Deutscher Gewerkschaftsbund

Unsere Zukunft

Aufforderung zur Mitarbeit

1996 verabschiedete der DGB sein neues Grundsatzprogramm "Die Zukunft gestalten". Er formuliert darin seinen Gestaltungsanspruch für eine sich rapide wandelnde Gesellschaft.

Gewerkschaften vertreten die Interessen der Menschen, die im Arbeitsleben stehen, die eine Ausbildung und Arbeit anstreben, arbeitslos oder im Ruhestand sind.

Sie sind Interessenorganisationen, die ihre Ziele und Forderungen in Auseinandersetzungen mit anderen Interessen, notfalls mit dem Mittel des Streiks, durchsetzen.

Sie wurden gebildet, um durch Zusammenhalt wirksame Gegenmacht gegen Arbeitgeber- und Kapitalmacht zu schaffen und um Ausbeutung und Unterdrückung zu überwinden.

Gewerkschaften sind aber auch gesellschaftliche Organisationen mit einem übergreifenden Gestaltungsauftrag, den sie mit anderen sozialen Bewegungen und politischen Kräften umsetzen.

Die Vision einer lebenswerten Zukunft, in der Freiheit, soziale Gerechtigkeit, Wohlstand und ökologische Verantwortung gewährleistet sind, leitet unsere Arbeit.

Wir streiten für eine solidarische Gesellschaft, in der Einkommen, Vermögen und Lebenschancen gerecht verteilt sind.

Wir streiten für die Emanzipation der Geschlechter und für deren Gleichstellung, um eine partnerschaftliche Gestaltung der Erwerbs- und Familienarbeit zu erreichen.

Wir engagieren uns für die Ausgestaltung der sozialen Einheit: Wir streiten für einheitliche Arbeits- und Lebensbedingungen in ganz Deutschland.

Die parlamentarische und repräsentative Demokratie ist die wichtigste Errungenschaft moderner Gesellschaften. Nur sie bietet Chancen für gesellschaftliche Reformen. Die Gewerkschaften werden sie gegen alle Angriffe verteidigen; dabei berufen sie sich auch auf das Widerstandsrecht der Verfassung.

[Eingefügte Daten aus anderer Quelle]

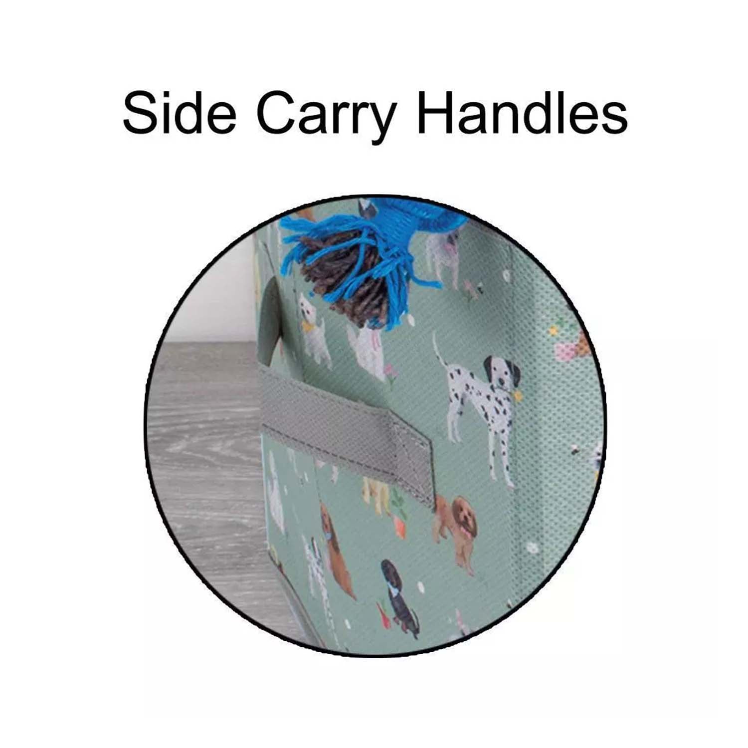 Keep your pet's toys organized with our charming 3pc dog toy storage box set. This green box, adorned with a delightful printed dogs design, is made from durable polyester, ensuring it withstands daily use. The sturdy paperboard base bottom provides added stability, while the foldable design allows it to fold flat for space-saving storage when not in use. With two convenient handles, transporting the box is a breeze.
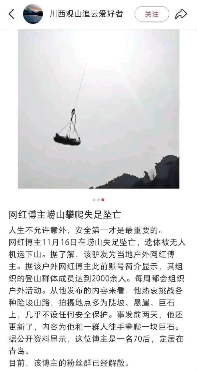 网红攀爬博主被网友说适合中午 果然死了
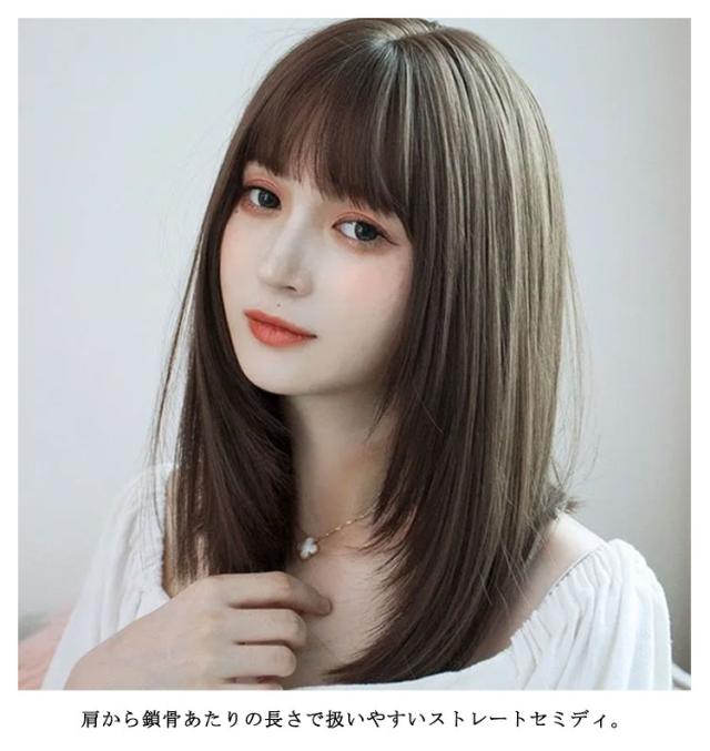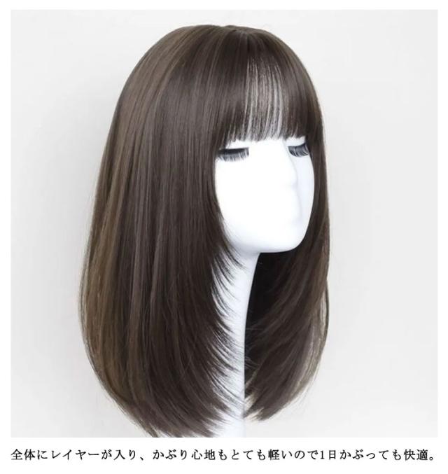 ウィッグ レディース フルウィッグ セミロング 自然 ミディアム カール レイヤー ストレート 小顔効果 かつら 黒髪 耳かけ 前髪 ハイトーンカラー うぃっぐ 女性 医療用 治療 抗がん剤 大人 コスプレ ネット付き
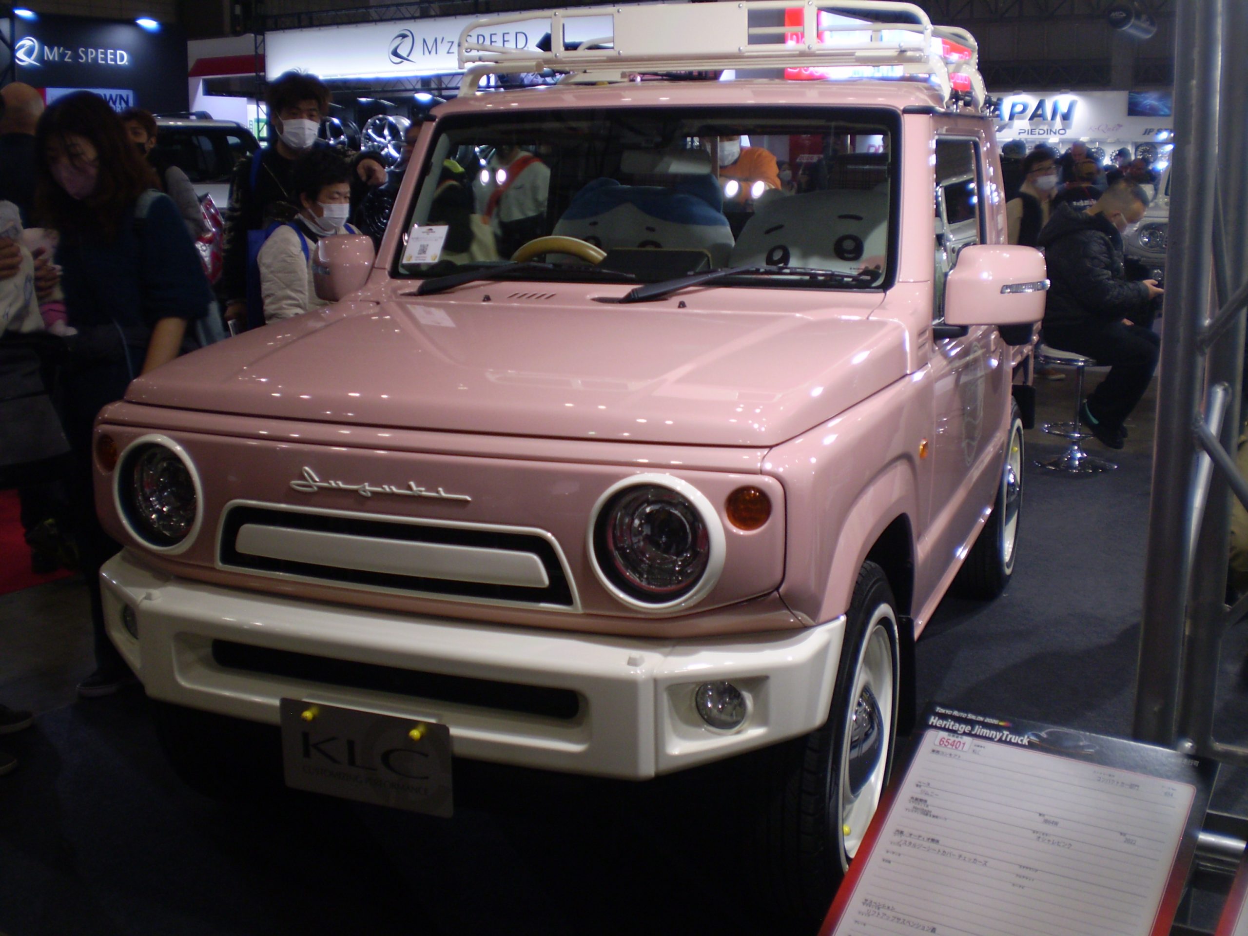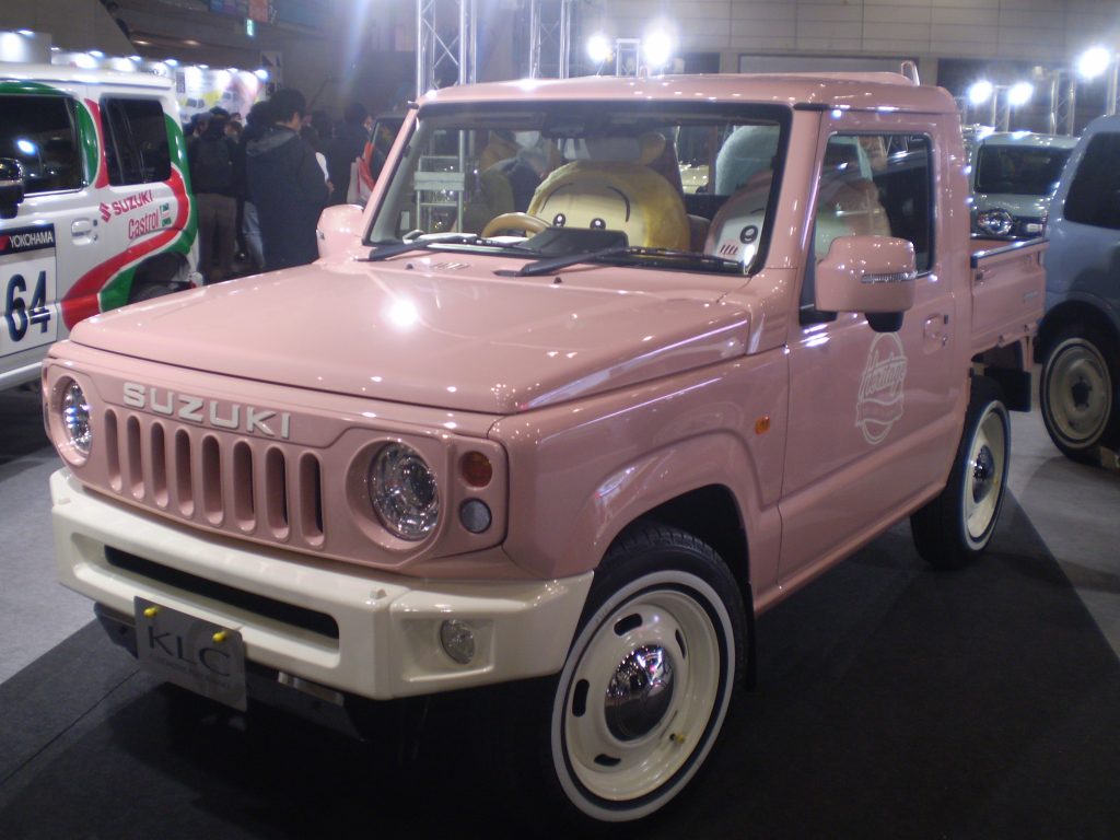 こちらはピンクに全塗装したJB64型ジムニー。可愛らしい外見です。

Aus der Geschichte wissen wir: Freie Gewerkschaften und Demokratie bedingen einander.

Wir engagieren uns für eine weitere Demokratisierung von Arbeitswelt, Wirtschaft und Gesellschaft, für Menschen- und Bürgerrechte wie für die Rechte und Chancen der Arbeitnehmerinnen und Arbeitnehmer, selbstbestimmt arbeiten und leben zu können.

Die Gewerkschaftsbewegung in Deutschland ist ihrer Tradition und Geschichte verpflichtet: Demokratie und Freiheit, Gleichheit und Gerechtigkeit, Solidarität und Toleranz leiten seit jeher unser Handeln. Sie sind auch an der Schwelle zum 21. Jahrhundert die entscheidende Grundlage, den Frieden in Europa wie weltweit zu sichern und soziale Interessengegensätze und Konflikte ausgleichen zu können.

Gewerkschaften bleiben auch in Zukunft interessenbezogene Kampforganisationen und gesellschaftliche Reformbewegung. Sie müssen für eine andere Zukunft, für gesellschaftliche Alternativen, für die Überwindung sozial ungerechter und ökologisch unerträglicher Verhältnisse kämpfen. Sie müssen Widerstand und Gegenmacht ebenso entwickeln wie vorwärtsweisende Initiativen und zukunftsfähige Konzepte, um Freiheit und Demokratie, Solidarität und Gerechtigkeit durchzusetzen.

Aus den Richtungsgewerkschaften, die sich im letzten Jahrzehnt des 19. Jahrhunderts in Deutschland herausgebildet hatten, entstand nach dem 2. Weltkrieg die weltanschaulich pluralistische und parteipolitisch unabhängige Einheitsgewerkschaft. Mit der erfolgreichen Überwindung der gewerkschaftlichen Zersplitterung haben die Gewerkschaften die Lehren aus ihrer bittersten Niederlage, der kampflosen Kapitulation vor dem Nationalsozialismus im Jahre 1933, gezogen. Dazu kam das einheitsstiftende Vermächtnis der im Widerstand gegen die Diktatur umgekommenen Gewerkschafterinnen und Gewerkschafter.

Das Verbot und die Auflösung der Gewerkschaften durch die faschistische Diktatur bewies: Freie Gewerkschaftsbewegung und politische Diktatur sind unvereinbare Gegensätze. Dies erwies sich ein weiteres Mal, als die Gewerkschaftsorganisation im Osten Deutschlands als Transmissionsriemen der Staatspartei missbraucht und in ein System der Entrechtung und Unterdrückung integriert wurde.

Der Zusammenschluss vor allem der freiheitlich-sozialistischen und der christlich-sozialen Richtungen der Gewerkschaften in der Einheitsgewerkschaft, auf der Basis gleicher Interessen, gemeinsamer Grundwerte und gegenseitiger Toleranz, war und ist die Voraussetzung für Durchsetzungsvermögen und Gestaltungskraft. Wir wollen diese Vielfalt in der Einheit erhalten und weiter ausbauen. Darauf gründet sich unser Anspruch, für alle Arbeitnehmerinnen und Arbeitnehmer zu sprechen.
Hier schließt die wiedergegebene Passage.